■ **Material for this exercise**:
__________________________________________________

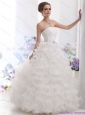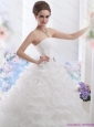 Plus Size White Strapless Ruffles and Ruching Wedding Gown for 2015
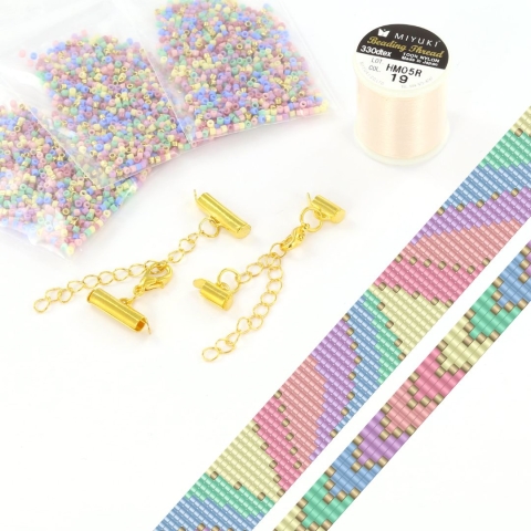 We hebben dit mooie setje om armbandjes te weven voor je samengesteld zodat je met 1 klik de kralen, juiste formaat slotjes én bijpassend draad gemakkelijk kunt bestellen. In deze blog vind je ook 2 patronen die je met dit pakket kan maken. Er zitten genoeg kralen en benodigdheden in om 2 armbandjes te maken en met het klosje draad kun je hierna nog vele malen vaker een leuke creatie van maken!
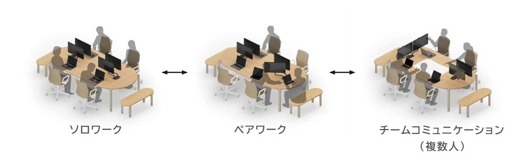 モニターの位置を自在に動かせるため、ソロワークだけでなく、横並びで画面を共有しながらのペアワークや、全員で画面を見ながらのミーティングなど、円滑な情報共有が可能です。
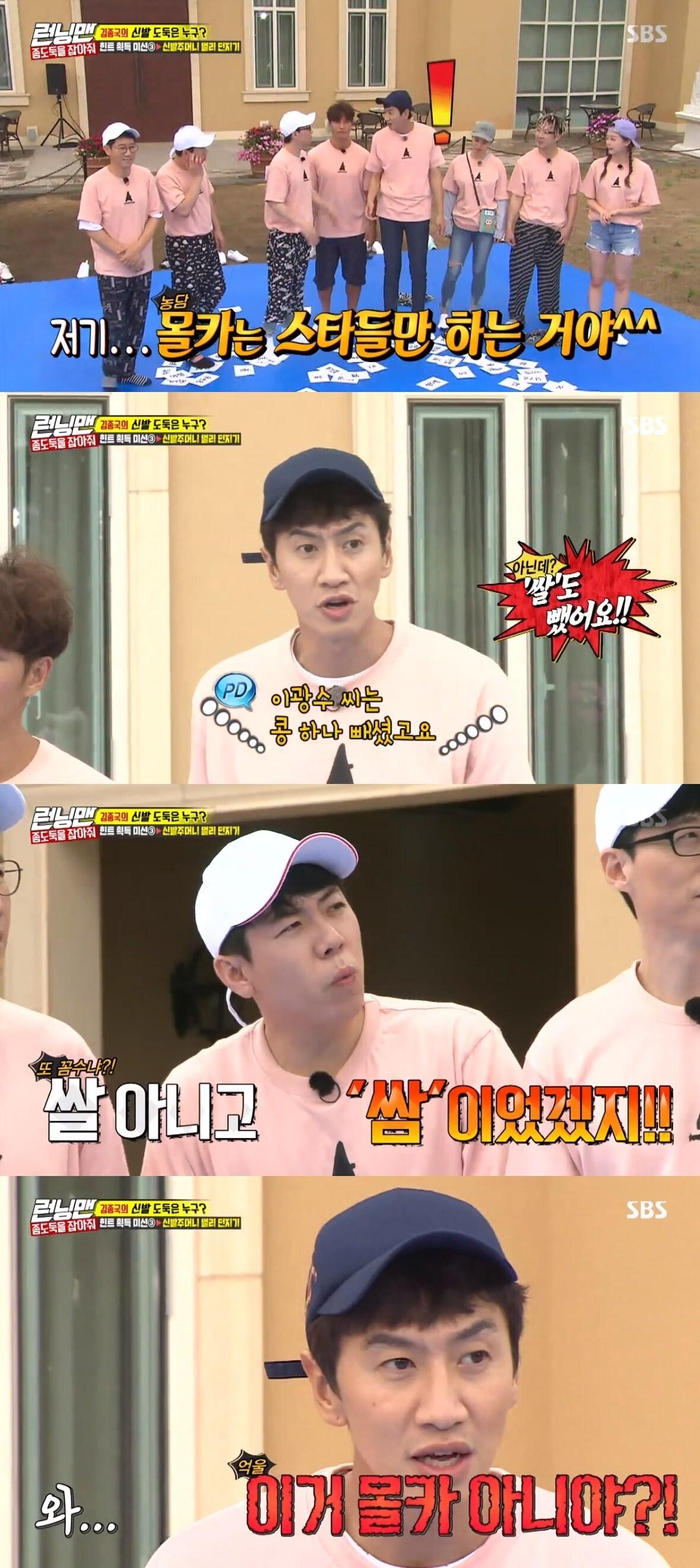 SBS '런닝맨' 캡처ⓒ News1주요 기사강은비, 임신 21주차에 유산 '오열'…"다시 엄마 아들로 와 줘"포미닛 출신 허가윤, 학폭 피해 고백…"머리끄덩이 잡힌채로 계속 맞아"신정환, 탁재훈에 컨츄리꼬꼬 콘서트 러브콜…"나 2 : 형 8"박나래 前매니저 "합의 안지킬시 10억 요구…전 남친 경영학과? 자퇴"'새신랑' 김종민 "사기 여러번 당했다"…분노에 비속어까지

__________________________________________________

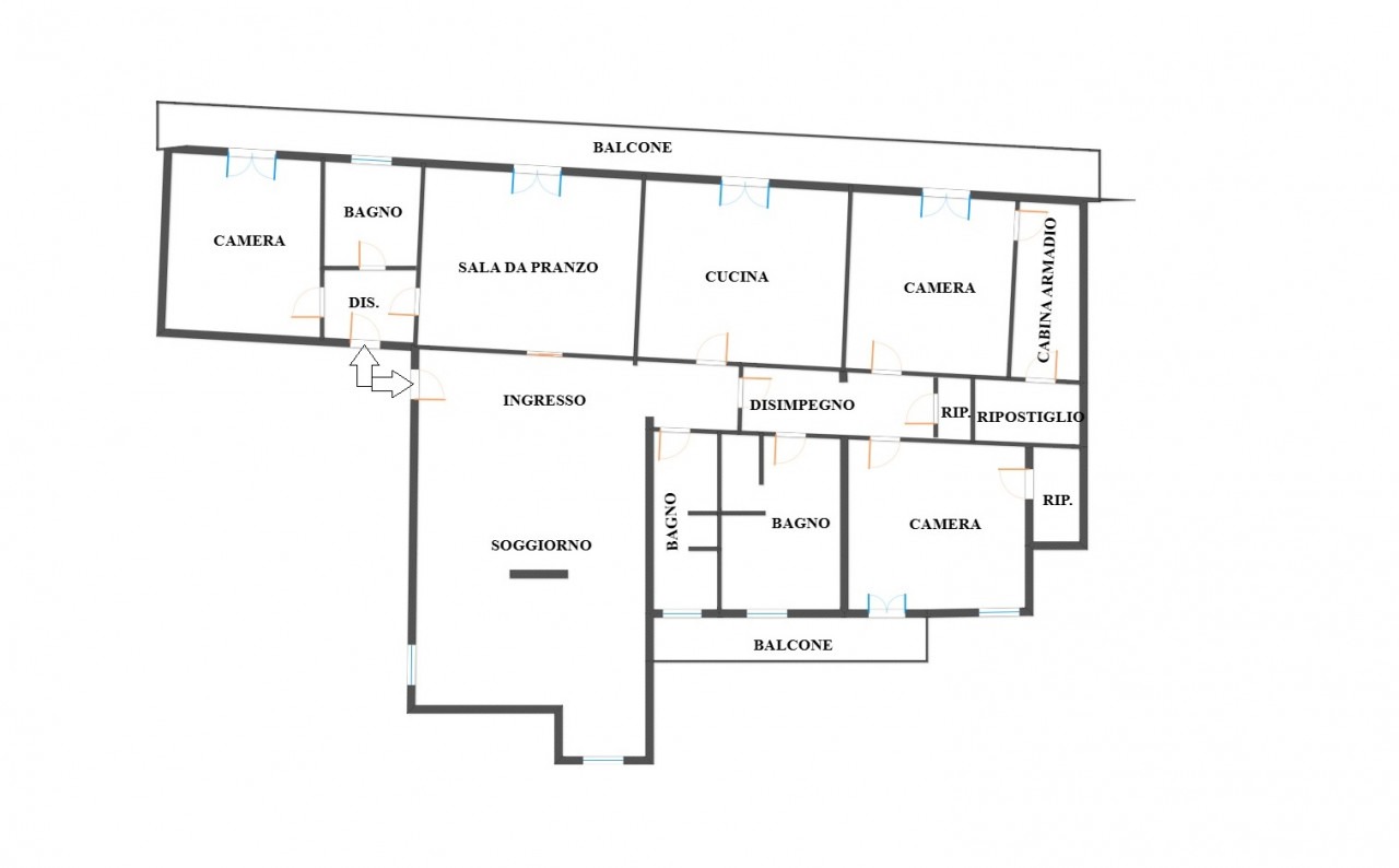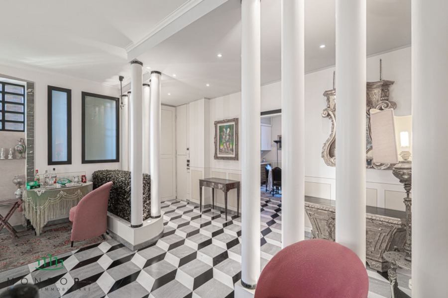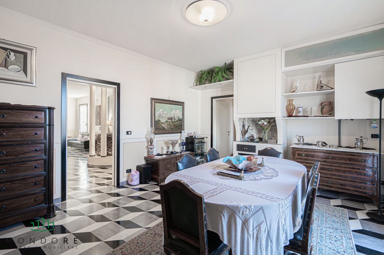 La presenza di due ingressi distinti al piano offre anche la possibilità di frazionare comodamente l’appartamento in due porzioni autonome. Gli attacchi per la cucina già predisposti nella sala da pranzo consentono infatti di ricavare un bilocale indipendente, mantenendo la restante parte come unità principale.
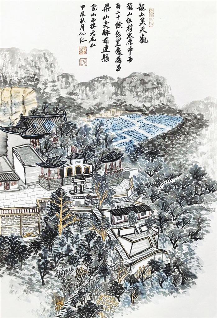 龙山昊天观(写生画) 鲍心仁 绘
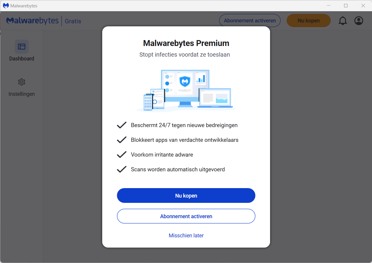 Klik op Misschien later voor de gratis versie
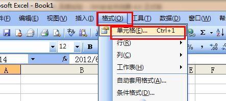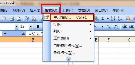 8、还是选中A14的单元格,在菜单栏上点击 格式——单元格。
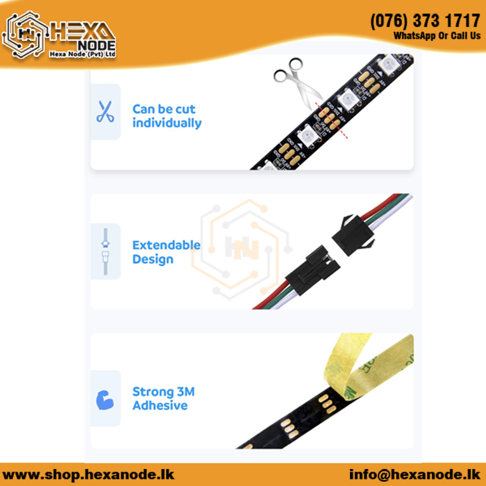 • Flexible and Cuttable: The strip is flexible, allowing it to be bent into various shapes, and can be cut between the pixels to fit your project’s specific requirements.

__________________________________________________

■ **Activity**: Would you please reproduce the entries above, starting at the line with "Klik op Misschien" and stopping after the line with "project’s specific requirements."? Omit any pictures.

■ **Finished task**:
 Klik op Misschien later voor de gratis versie
 8、还是选中A14的单元格,在菜单栏上点击 格式——单元格。
 • Flexible and Cuttable: The strip is flexible, allowing it to be bent into various shapes, and can be cut between the pixels to fit your project’s specific requirements.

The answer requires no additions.